The Robot Said, "It Does Not Compute"

New Zealand schools are failing to teach maths effectively.  Our national rankings are below average.  We believe that this sad state of affairs is about to get worse.  Why?   Our clever educrats and politicians have decided that, for the first ten years of schooling, all pupils in the State education system will be taught to think like a computer.
"Computational thinking" and "designing and developing digital outcomes" will become part of New Zealand's core curriculum for all children in the first 10 years of school from next year.  Prime Minister Bill English and Education Minister Nikki Kaye visited Newmarket School in Auckland today to unveil a $40 million package to retrain teachers and help schools implement the new curriculum subjects, including a "national digital championship" modelled on an Israeli example.  "All young people from Years 1 to 10 will take part in digital technologies learning," Kaye said. [NZ Herald]
What could go wrong with this?  Lots.
 Firstly, the curriculum is already crowded as it is.  Students in the out-of-control state education system have to be taught gender studies, peace studies, and racial tolerance.  Core subjects (such as English, reading, writing, and maths) are becoming progressively peripheral, less core.  "We have so many more vital subjects to be taught, such as performing arts and creative dance," the sages and gnomes intone.  Wunnerful.

Secondly, maths has been turned into a mystery religion.  It is taught conceptually from day one.  When faced with a complex maths problem, such as "compute 3+3" our modern sophisticates teach our confused pupils that there are five or six ways of actually achieving an answer to this problem.  End result--confusion and brain scrambling.  No, no, no say the gnomes and sages.  Modern maths students are given the tools to think both conceptually and analytically from the outset.  Numbers are no longer computational tables to be learned by rote.  They are exciting philosophical concepts that lead us to the heart of knowledge and human existence.

So, New Zealand students are being confused on a grand scale when it comes to maths.  Our international rankings are slipping.  Now, even less time will be available because students are going to be taught, as well as maths, computational thinking along with its underlying philosophical constructs.  The mental morass and bog of confusion just got deeper and far more gooey.

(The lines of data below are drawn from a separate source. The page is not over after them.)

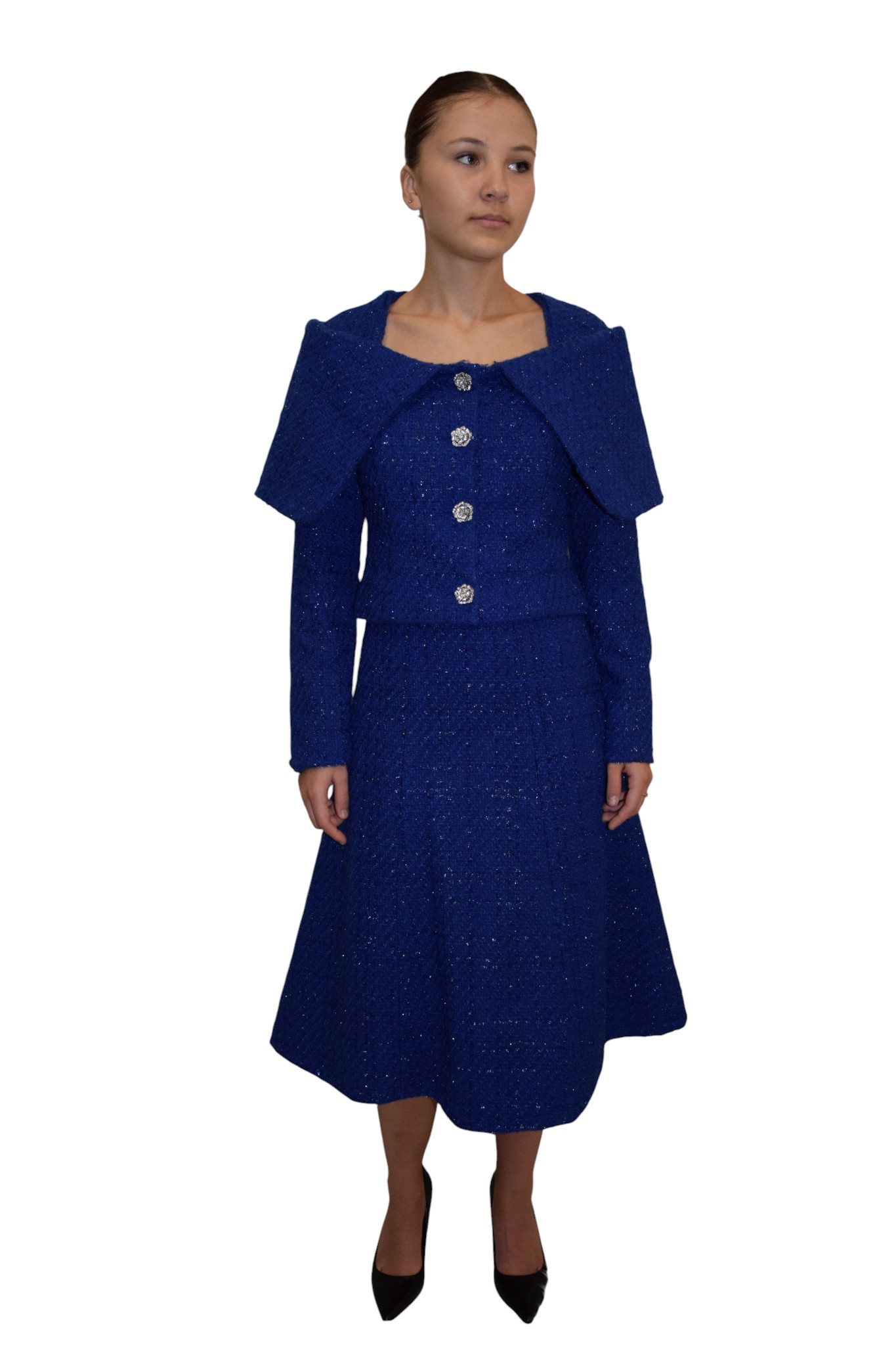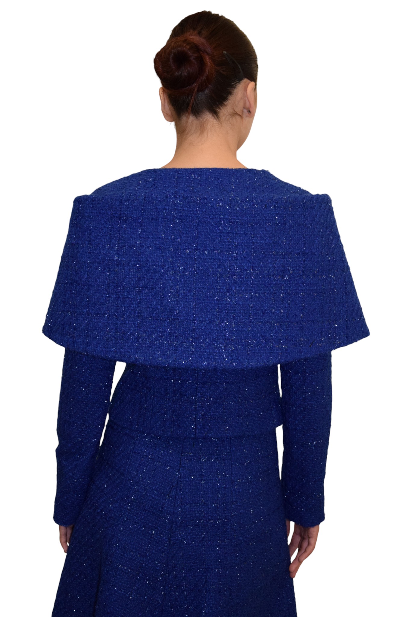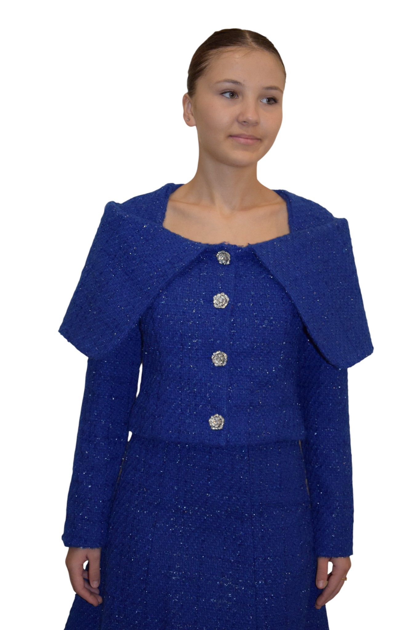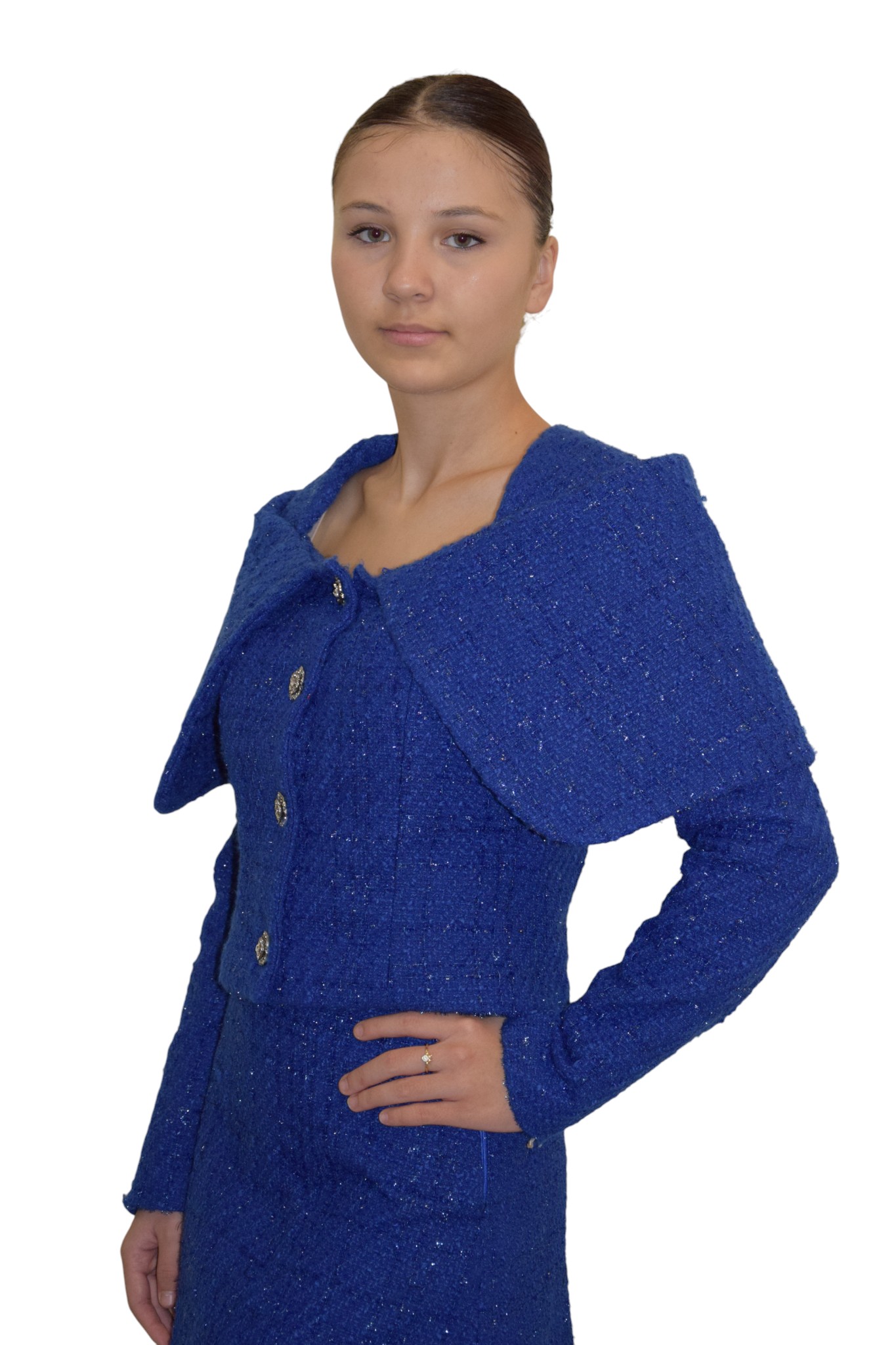Haut en tweed de couleur bleu royal avec col ,double , manches longues , sans poches, boutonnée devant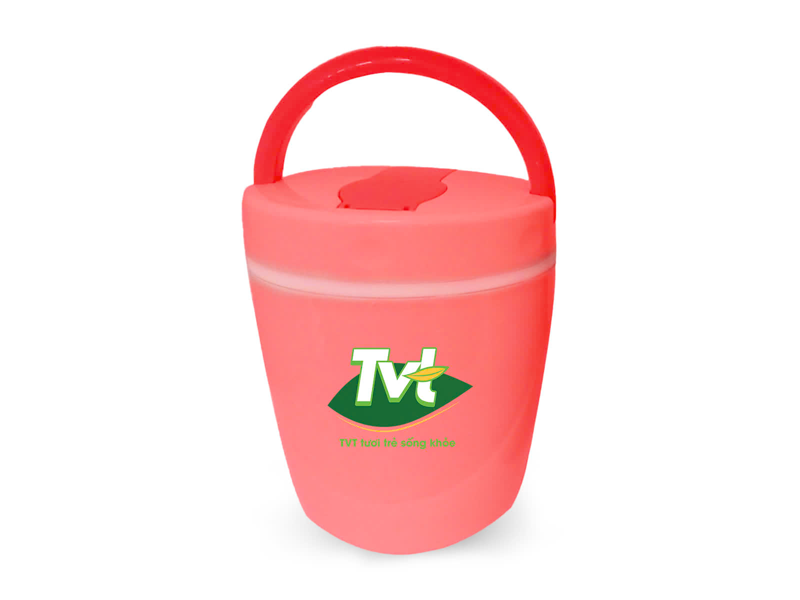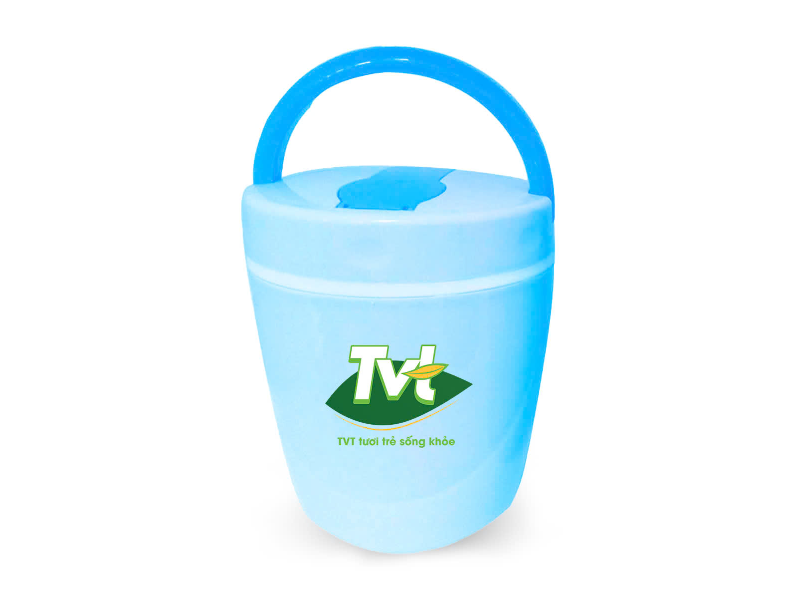 Hình dáng: Hình trụ có nắp đậy Chất liệu: Nhựa Công dụng: Đựng thức ăn hoặc thức uống Không sử dụng ở nhiệt độ >100 độ C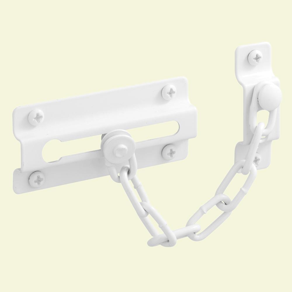 This chain door guard is constructed from steel and comes finished in white. It secures your door while allowing room for viewing or ventilation. Comes complete with fasteners for a quick and easy installation.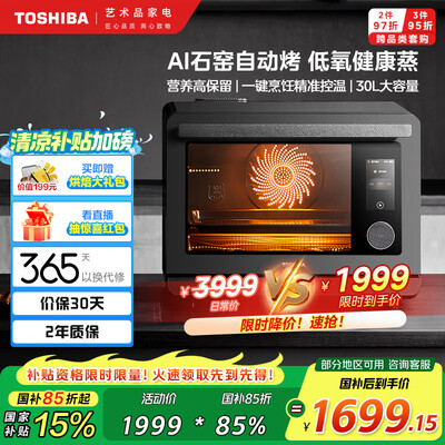 东芝(TOSHIBA)【国家补贴】蒸烤一体机家用台式多功能电烤箱蒸箱空气炸锅AI自动烤低氧蒸30L大容量ER-XE7302目前活动价:2047.65元!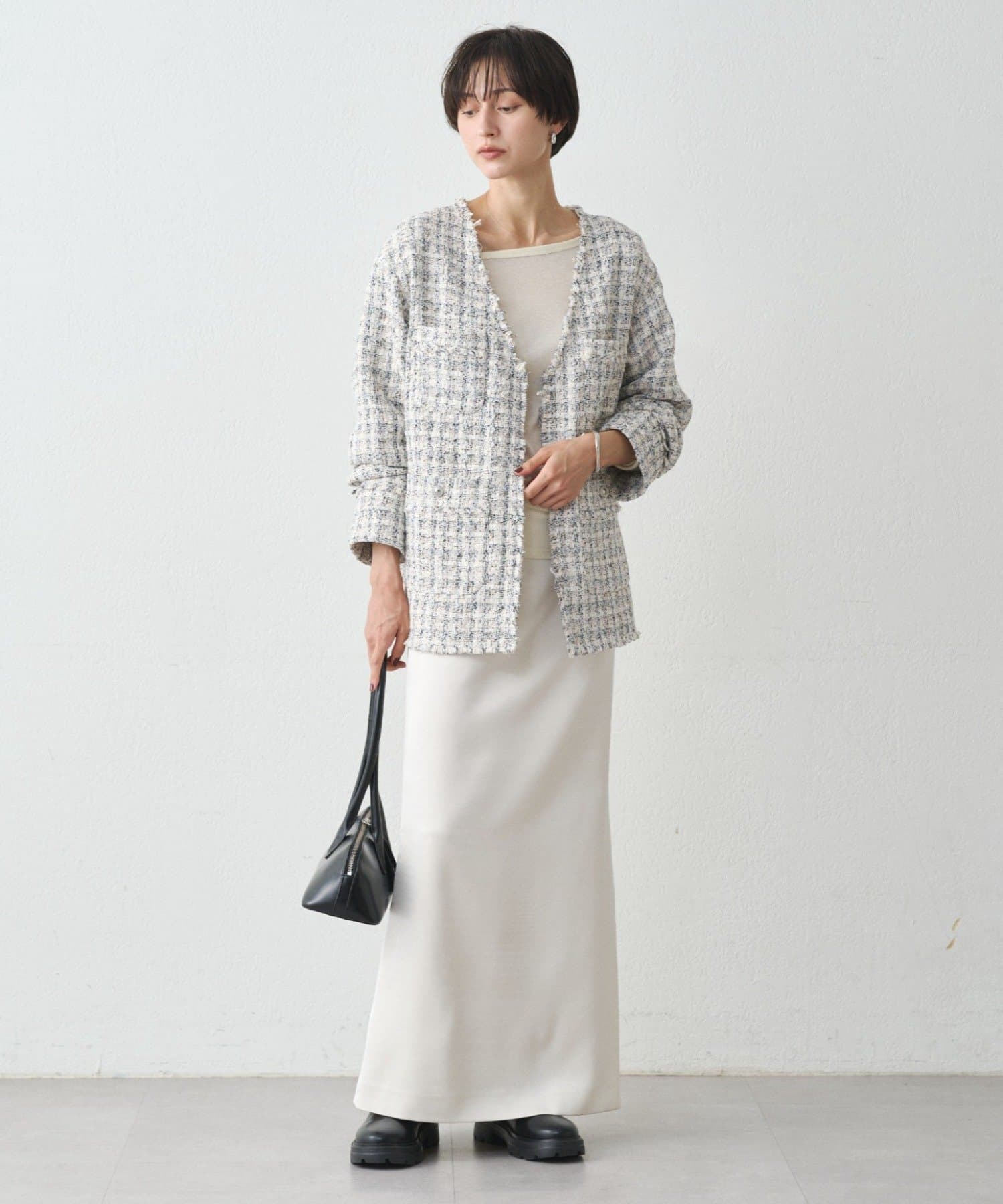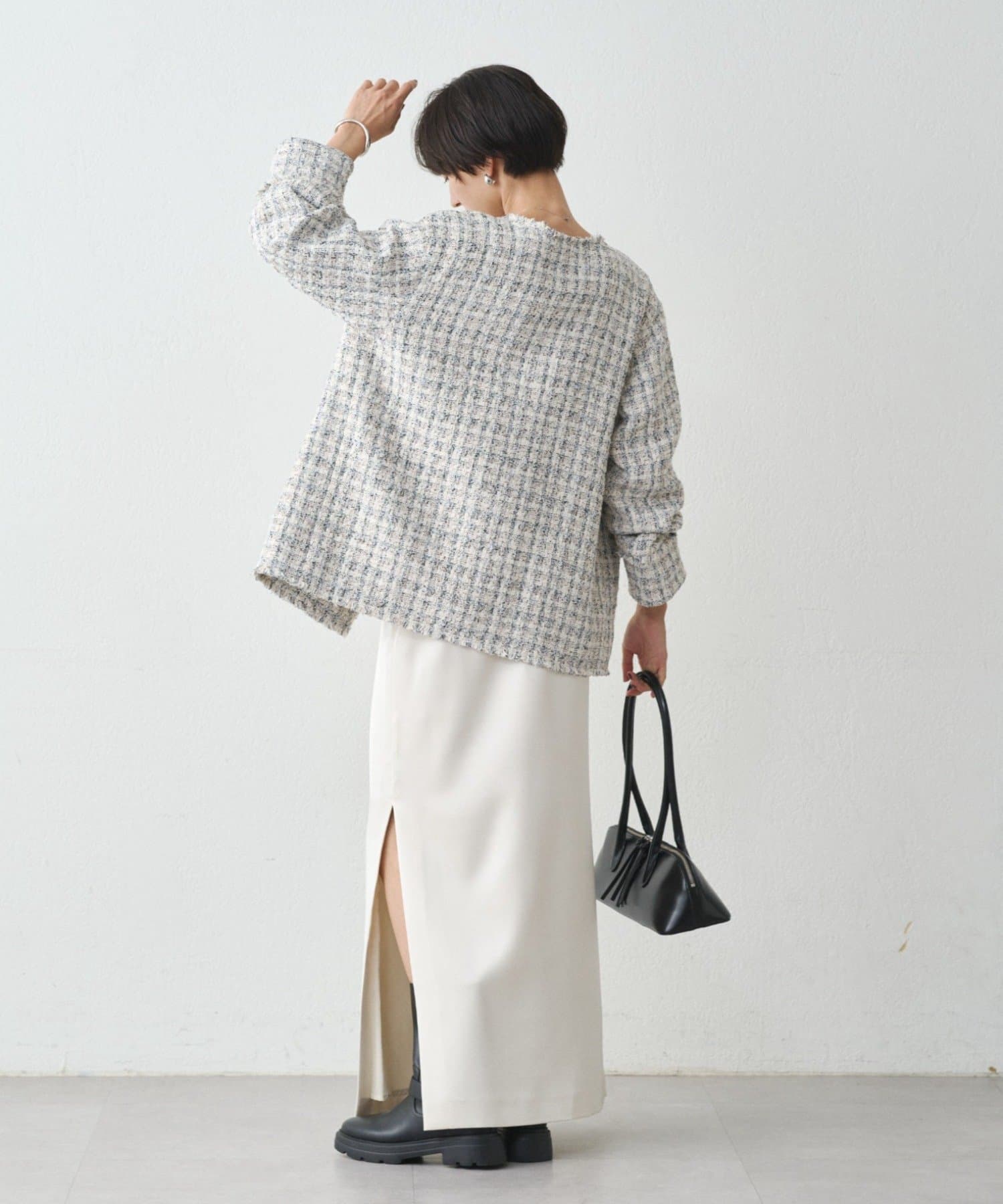 ブラウスと合わせてオフィススタイルにも合わせるアイテムによって、様々な表情を見せてくれる着回し力の高さも魅力です。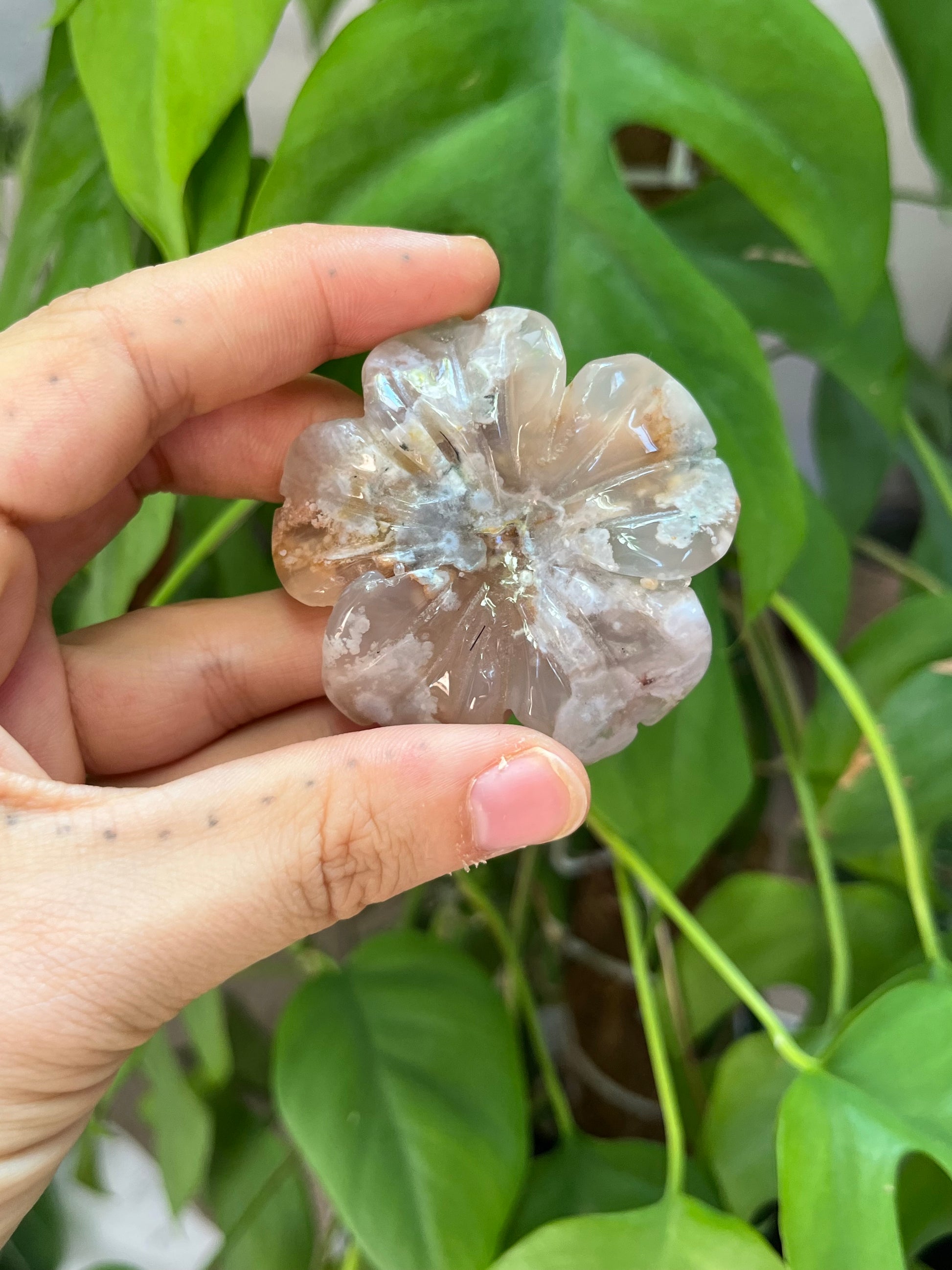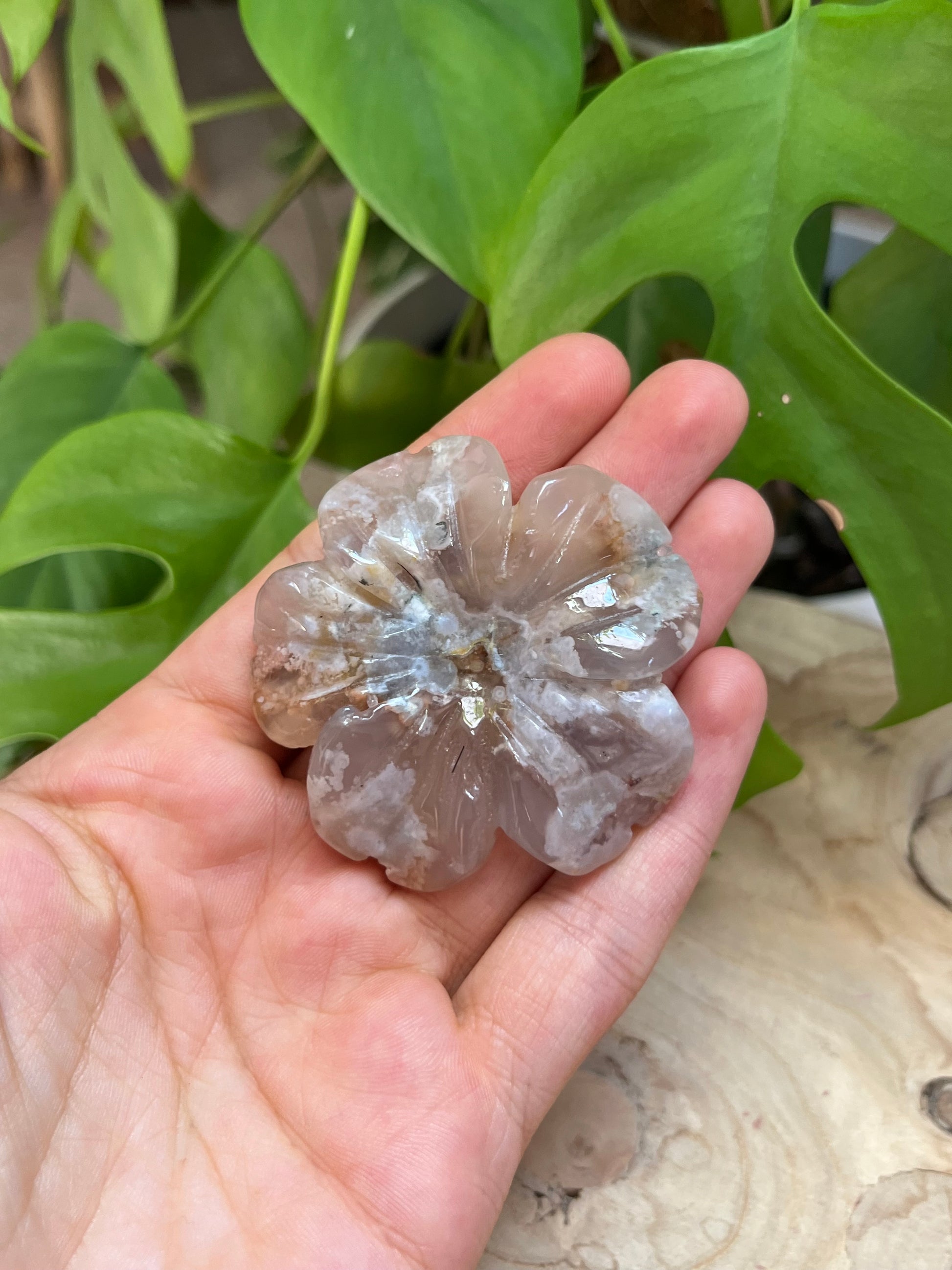 Blumenachat wird traditionell mit persönlichem Wachstum, Harmonie und Lebensfreude in Verbindung gebracht. Die Blumenform verstärkt diese Symbolik und steht zusätzlich für Erblühen, Erneuerung und die Verbindung zur Natur.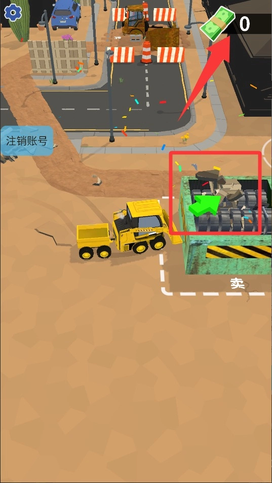 4、把拆出来的废料拖到回收站卖掉换钱,攒够金币能买更高级的工程车,拆楼速度更快。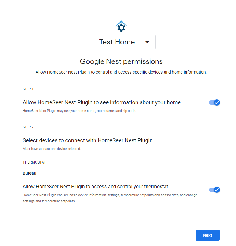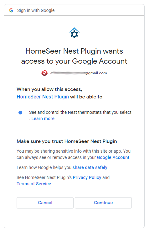 - Log in with the google account where the thermostat is configured and allow "HomeSeer Nest Plugin" to access and control your thermostat: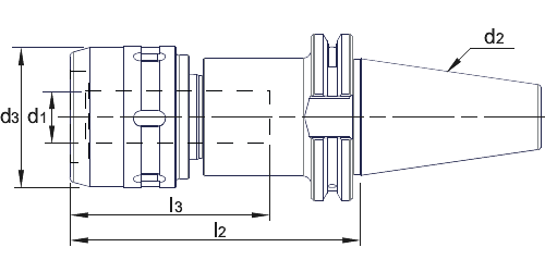 met SK-opname volgens DIN 69871, oppervlaktegehard HRc 58±2, met een treksterkte in de kern van min. 950 N/mm², tolerantie AT3, rondloopnauwkeurigheid van 0,005 mm, gebalanceerd G6,3 bij 15.000 omw/min

Not at all, says our Minister of Education:
Kaye said Computational Thinking "is about understanding the computer science principles that underlie all digital technologies, and learning how to develop instructions, such as programming, to control these technologies".  Designing and Developing Digital Outcomes "is about understanding that digital systems and applications are created for humans by humans, and developing knowledge and skills in using different digital technologies to create digital content across a range of digital media".

"This part of the curriculum also includes learning about the electronic components and techniques used to design digital devices," she said.  "Robotics, artificial intelligence and advances in connectivity are all revolutionising our world, including our businesses, industry and community.
See.  It's all at the level of a grand practicum.  It's a grand workshop.  Theories and quasi-philosophical constructs will be conspicuous by their absence.   Teaching maths is failing because it is too abstract from the beginning.  But this will be different because it will be practical.  If you believe that, dear reader we have a big thing made of green cheese which hangs in the sky which you really ought to purchase.  And while you are at it, you will doubtless take comfort from the Minister's effusion:
"The new curriculum content is about ensuring that students across all year levels have access to rich learning aimed at building their digital skills and fluency, to prepare them for this world."
There are a growing number of graduates from our state education system who do not know that the square root of 36 is; in fact they don't know what a "square root" is to begin with.  Nor can they compute 8x9 without a calculator.  But this is so irrelevant and old school.  No worries.  From now on our kids will be taught "computational thinking".
[Dr David Parsons] said using a national championship to apply digital technologies to real-world social and economic problems was also "an excellent idea".  "A lot of the thinking is that if you are going to teach kids this kind of stuff, it needs to be about real-world problem solving," he said.
The focus upon "real world problem solving" had led to a generation of school pupils who find maths confusing and indecipherable.  Our expectation is that by the time our oh-so-sophisticated state education system has parsed "computational thinking" it will be equally indecipherable.  The outcome will be the same: disengaged pupils, treading water in a sea of foggy confusion.